#### [Task instructions]
The lines to repeat are those below from the one containing "6月26日上午,学院在图书行" down to the one containing "براساس پالت ترکیبی", both included; reproduce them exactly and nothing else.

─── Extracted entries ───

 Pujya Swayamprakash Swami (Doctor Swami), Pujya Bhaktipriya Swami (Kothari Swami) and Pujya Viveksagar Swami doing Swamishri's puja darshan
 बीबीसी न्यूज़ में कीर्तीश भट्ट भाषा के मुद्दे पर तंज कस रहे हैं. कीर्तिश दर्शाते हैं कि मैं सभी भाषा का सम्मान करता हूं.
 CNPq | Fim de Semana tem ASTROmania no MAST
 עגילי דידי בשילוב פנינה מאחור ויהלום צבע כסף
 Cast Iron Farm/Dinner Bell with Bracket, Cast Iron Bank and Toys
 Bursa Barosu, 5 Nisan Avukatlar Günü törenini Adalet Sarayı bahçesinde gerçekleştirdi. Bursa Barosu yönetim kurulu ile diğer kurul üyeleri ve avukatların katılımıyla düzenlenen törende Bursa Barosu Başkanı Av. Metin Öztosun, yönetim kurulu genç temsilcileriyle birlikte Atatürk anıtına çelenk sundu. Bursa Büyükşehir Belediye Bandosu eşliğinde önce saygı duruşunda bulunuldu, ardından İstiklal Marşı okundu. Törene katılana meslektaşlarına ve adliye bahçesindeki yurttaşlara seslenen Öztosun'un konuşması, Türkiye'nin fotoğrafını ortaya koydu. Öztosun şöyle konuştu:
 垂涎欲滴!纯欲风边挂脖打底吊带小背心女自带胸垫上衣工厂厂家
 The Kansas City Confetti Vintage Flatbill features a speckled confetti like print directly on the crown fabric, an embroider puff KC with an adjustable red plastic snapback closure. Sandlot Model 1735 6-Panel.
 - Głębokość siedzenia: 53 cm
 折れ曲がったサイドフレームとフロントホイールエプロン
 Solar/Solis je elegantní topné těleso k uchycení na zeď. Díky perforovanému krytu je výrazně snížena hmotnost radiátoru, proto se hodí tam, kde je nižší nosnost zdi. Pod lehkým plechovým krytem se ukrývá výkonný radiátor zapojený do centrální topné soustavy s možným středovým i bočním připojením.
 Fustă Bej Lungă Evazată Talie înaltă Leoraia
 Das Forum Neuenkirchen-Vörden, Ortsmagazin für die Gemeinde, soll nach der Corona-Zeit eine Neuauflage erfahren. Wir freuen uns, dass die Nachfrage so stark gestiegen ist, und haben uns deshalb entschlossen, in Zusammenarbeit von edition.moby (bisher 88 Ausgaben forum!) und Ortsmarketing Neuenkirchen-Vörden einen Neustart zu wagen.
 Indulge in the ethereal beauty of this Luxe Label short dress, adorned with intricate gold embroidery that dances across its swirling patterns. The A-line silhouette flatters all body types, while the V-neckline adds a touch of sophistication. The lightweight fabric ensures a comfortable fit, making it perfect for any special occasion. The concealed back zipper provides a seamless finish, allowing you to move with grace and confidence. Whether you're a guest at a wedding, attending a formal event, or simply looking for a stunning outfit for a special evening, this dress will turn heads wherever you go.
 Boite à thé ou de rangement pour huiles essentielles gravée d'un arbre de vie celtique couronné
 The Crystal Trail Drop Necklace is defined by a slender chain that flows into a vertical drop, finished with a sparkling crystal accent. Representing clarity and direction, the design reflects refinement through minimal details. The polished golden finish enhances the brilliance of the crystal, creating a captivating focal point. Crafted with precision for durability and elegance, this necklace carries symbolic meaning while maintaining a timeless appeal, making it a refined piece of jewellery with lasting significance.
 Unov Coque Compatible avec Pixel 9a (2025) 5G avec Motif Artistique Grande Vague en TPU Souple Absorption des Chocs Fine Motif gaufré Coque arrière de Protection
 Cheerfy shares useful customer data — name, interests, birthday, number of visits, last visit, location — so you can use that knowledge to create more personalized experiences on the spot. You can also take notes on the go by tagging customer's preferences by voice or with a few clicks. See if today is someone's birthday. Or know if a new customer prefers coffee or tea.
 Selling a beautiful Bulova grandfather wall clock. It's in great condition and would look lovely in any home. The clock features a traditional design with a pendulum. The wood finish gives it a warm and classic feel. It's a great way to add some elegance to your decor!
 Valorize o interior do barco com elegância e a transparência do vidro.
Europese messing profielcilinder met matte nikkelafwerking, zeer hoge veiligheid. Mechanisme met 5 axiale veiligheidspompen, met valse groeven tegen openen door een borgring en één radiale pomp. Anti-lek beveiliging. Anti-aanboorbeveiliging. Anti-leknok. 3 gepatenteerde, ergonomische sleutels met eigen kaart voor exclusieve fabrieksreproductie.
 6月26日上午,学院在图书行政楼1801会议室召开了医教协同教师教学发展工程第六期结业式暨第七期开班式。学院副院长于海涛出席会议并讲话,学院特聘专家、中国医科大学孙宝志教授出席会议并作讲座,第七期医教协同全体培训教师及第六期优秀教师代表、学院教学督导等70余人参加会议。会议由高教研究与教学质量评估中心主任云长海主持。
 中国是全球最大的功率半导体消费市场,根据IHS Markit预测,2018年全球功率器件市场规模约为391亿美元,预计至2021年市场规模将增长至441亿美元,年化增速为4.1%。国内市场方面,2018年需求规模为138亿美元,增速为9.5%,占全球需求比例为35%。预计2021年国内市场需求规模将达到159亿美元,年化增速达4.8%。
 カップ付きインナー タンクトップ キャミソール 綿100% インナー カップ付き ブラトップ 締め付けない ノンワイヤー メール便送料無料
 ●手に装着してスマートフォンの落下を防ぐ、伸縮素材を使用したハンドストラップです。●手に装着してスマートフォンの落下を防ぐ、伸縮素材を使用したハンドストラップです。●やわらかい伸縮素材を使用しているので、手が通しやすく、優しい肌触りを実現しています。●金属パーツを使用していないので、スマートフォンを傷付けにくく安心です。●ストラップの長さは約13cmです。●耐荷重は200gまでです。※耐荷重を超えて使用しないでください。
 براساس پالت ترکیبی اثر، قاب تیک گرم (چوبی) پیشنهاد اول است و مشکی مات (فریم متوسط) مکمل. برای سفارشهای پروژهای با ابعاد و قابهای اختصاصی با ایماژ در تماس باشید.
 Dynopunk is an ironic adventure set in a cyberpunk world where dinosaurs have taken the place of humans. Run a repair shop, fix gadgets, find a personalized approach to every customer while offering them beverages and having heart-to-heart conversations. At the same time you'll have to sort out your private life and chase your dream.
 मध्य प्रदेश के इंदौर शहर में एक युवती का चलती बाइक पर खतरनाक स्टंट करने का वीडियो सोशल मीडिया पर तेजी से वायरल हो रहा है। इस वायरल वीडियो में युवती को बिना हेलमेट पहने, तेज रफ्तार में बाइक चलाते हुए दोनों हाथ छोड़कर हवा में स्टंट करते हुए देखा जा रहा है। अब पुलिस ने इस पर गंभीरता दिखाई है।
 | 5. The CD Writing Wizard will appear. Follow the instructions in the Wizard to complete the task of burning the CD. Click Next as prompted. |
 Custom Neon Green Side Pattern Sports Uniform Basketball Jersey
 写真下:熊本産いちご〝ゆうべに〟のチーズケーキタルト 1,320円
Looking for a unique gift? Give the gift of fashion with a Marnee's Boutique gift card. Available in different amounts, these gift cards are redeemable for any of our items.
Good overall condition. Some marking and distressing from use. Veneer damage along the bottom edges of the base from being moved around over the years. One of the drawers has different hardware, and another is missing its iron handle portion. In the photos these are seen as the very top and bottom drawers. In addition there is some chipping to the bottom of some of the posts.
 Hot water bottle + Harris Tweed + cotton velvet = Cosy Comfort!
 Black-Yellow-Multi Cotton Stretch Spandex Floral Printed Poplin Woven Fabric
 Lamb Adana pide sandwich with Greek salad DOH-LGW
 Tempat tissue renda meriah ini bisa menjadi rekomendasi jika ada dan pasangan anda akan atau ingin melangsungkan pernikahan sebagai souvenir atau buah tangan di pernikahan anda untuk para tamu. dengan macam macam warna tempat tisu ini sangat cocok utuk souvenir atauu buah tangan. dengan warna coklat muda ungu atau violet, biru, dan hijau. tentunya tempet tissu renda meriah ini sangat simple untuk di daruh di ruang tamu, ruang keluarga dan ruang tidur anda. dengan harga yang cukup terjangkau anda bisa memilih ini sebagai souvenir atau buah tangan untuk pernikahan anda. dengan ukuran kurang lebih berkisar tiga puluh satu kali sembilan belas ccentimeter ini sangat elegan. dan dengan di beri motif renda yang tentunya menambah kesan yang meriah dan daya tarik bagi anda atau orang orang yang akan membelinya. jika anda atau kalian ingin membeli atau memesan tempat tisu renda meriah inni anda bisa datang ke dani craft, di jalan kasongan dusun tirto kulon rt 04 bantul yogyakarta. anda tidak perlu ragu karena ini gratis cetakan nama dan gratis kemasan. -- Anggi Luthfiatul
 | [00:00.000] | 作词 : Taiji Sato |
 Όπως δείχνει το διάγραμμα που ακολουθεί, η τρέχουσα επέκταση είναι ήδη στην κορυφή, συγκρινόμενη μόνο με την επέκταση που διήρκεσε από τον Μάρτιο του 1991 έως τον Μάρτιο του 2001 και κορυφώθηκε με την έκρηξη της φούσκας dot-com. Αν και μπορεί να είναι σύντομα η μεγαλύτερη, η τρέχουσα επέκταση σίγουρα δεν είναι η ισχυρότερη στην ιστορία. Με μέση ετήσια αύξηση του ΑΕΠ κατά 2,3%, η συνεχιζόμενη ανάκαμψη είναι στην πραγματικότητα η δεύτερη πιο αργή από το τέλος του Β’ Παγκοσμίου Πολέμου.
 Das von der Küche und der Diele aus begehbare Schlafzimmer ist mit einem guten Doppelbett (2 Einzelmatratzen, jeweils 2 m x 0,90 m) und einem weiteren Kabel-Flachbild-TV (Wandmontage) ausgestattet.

───

#### [Answer for this exercise]
 6月26日上午,学院在图书行政楼1801会议室召开了医教协同教师教学发展工程第六期结业式暨第七期开班式。学院副院长于海涛出席会议并讲话,学院特聘专家、中国医科大学孙宝志教授出席会议并作讲座,第七期医教协同全体培训教师及第六期优秀教师代表、学院教学督导等70余人参加会议。会议由高教研究与教学质量评估中心主任云长海主持。
 中国是全球最大的功率半导体消费市场,根据IHS Markit预测,2018年全球功率器件市场规模约为391亿美元,预计至2021年市场规模将增长至441亿美元,年化增速为4.1%。国内市场方面,2018年需求规模为138亿美元,增速为9.5%,占全球需求比例为35%。预计2021年国内市场需求规模将达到159亿美元,年化增速达4.8%。
 カップ付きインナー タンクトップ キャミソール 綿100% インナー カップ付き ブラトップ 締め付けない ノンワイヤー メール便送料無料
 ●手に装着してスマートフォンの落下を防ぐ、伸縮素材を使用したハンドストラップです。●手に装着してスマートフォンの落下を防ぐ、伸縮素材を使用したハンドストラップです。●やわらかい伸縮素材を使用しているので、手が通しやすく、優しい肌触りを実現しています。●金属パーツを使用していないので、スマートフォンを傷付けにくく安心です。●ストラップの長さは約13cmです。●耐荷重は200gまでです。※耐荷重を超えて使用しないでください。
 براساس پالت ترکیبی اثر، قاب تیک گرم (چوبی) پیشنهاد اول است و مشکی مات (فریم متوسط) مکمل. برای سفارشهای پروژهای با ابعاد و قابهای اختصاصی با ایماژ در تماس باشید.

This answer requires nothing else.